"common" administrative security group is removed by user

I am marking this as Incomplete from the observation below.

neutron API does not allow to add/remove a specific security group. When a regular user would like to update security groups of a neutron port, they needs to specify a whole set of security groups.
Such regular user cannot know security group(s) assigned by admin (you mentioned in the bug report), so this is not specific to horizon.

If you really would like to have this feature in OpenStack, I would suggest you to discuss this with Nova/Neutron team.

As my neutron core hat this usage is not intended. It just works for nova security group API which has been deprecated a long ago. neutron-fwaas has a concept of shared firewall groups and I believe this is designed to support a feature you want.

More information

If a regular user want to add a security group to a server after admin added a common (hidden) security group to the server, the regular user no longer calls "openstack server add security group". This looks confusing. See the line of the link: http://paste.openstack.org/show/735989/

In addition, (common? hidden?) security groups assigned by admin can be cleared easily.
"openstack port set --no-security-group 5d2b8ff7-1a92-4b57-972a-6c9402f9a083" does it. This is the intended behavior in the neutron API. http://paste.openstack.org/show/735990/

My general suggestion is not to depend on this behavior.

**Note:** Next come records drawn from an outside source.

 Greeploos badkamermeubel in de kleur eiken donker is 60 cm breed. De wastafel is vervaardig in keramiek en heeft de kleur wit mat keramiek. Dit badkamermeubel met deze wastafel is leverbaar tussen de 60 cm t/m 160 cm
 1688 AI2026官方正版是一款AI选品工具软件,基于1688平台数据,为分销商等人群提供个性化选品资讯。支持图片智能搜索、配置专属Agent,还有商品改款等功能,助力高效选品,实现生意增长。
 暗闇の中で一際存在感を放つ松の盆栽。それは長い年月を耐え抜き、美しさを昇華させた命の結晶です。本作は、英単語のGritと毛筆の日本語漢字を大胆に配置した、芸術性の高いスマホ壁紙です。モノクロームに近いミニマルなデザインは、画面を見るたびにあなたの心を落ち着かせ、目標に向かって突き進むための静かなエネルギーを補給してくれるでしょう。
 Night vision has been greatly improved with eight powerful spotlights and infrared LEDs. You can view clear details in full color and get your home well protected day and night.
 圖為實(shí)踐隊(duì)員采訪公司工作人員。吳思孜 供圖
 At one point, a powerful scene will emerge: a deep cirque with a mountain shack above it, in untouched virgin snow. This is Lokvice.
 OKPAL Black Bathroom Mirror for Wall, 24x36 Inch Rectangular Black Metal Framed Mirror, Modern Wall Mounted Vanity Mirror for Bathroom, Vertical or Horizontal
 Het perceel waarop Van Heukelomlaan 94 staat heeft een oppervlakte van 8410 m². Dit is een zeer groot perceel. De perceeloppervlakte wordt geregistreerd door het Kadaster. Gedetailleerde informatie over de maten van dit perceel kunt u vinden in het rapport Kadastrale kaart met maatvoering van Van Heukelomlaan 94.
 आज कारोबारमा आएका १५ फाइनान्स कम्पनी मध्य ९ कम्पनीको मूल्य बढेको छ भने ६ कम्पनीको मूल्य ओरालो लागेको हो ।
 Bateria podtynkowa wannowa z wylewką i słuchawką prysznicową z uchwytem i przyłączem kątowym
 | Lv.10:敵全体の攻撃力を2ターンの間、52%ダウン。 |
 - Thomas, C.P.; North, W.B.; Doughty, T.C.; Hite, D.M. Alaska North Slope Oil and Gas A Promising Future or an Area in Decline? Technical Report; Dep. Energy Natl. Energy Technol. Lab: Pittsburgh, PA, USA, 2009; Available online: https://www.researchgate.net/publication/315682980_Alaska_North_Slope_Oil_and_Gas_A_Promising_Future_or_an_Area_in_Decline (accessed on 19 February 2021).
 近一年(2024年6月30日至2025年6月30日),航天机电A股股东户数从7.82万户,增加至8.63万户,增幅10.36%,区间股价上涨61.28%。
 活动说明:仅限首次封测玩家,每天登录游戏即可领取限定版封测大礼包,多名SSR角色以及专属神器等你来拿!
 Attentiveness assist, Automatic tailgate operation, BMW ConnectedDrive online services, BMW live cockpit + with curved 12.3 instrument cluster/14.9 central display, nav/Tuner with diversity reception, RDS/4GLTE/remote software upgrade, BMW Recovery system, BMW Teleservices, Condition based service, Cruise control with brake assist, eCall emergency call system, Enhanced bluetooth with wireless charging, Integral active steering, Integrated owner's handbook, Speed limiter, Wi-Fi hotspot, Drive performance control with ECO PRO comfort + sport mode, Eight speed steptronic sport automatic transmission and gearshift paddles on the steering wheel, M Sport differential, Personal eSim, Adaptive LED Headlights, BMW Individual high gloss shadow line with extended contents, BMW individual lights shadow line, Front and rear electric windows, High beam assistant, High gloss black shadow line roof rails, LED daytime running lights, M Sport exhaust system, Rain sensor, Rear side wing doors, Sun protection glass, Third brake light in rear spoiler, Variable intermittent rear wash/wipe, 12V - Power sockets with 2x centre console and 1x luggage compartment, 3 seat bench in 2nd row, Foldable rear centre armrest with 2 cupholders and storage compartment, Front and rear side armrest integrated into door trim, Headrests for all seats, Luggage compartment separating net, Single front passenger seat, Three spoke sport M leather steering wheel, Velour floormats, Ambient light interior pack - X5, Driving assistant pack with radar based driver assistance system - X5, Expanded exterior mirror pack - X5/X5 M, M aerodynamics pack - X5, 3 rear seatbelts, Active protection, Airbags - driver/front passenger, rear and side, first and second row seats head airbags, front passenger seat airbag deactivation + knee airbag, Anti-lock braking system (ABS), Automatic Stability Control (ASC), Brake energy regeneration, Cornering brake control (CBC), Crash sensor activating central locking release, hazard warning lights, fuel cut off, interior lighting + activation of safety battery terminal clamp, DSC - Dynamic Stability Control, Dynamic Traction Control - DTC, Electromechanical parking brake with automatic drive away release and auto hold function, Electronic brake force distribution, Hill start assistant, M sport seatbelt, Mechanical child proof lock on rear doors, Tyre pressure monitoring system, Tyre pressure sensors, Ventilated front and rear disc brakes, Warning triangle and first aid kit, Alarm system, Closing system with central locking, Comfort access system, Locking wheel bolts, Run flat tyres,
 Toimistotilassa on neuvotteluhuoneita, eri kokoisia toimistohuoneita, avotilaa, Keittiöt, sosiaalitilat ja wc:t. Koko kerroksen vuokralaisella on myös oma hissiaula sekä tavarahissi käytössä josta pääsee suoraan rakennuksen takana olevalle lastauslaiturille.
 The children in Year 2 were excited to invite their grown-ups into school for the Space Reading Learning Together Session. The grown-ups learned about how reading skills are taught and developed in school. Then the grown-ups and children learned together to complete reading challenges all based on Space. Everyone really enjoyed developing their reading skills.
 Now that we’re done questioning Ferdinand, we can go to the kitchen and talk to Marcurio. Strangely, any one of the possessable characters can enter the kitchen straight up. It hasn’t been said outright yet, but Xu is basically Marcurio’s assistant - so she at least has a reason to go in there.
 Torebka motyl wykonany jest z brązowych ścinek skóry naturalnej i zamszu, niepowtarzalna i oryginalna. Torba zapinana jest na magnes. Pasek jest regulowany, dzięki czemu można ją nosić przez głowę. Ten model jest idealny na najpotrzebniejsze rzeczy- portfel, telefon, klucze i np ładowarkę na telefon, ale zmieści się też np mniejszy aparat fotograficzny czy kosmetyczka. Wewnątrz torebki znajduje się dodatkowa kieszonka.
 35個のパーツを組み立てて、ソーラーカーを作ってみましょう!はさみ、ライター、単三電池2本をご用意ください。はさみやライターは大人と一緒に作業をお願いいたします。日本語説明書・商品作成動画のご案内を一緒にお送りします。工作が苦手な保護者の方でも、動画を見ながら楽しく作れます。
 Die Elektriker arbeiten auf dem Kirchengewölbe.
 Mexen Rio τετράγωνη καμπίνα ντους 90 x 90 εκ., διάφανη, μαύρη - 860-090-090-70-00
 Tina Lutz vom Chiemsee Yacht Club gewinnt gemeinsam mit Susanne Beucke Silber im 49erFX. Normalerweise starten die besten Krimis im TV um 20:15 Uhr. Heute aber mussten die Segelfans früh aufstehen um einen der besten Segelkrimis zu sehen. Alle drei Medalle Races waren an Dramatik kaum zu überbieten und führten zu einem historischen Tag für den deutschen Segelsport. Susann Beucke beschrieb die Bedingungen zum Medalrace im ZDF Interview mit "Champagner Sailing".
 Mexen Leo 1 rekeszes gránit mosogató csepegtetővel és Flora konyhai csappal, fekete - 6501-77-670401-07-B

Hi shared firewall groups would indeed solve my problem.

My (other issue) is that I can only make it work within l3 in openstack.
E.g it works behind qrouters, or with floating ips.

My private cloud set up uses openvswitch and has external l3. Is l2 firewalling with openvswitch supported? "Supports L2 firewalling (VM ports)" https://docs.openstack.org/newton/networking-guide/fwaas.html
or must it go through openstack managed l3, as I assume?

Jesper, how is comment #3 related to horizon?

This is not a horizon bug now. Marking this as Invalid.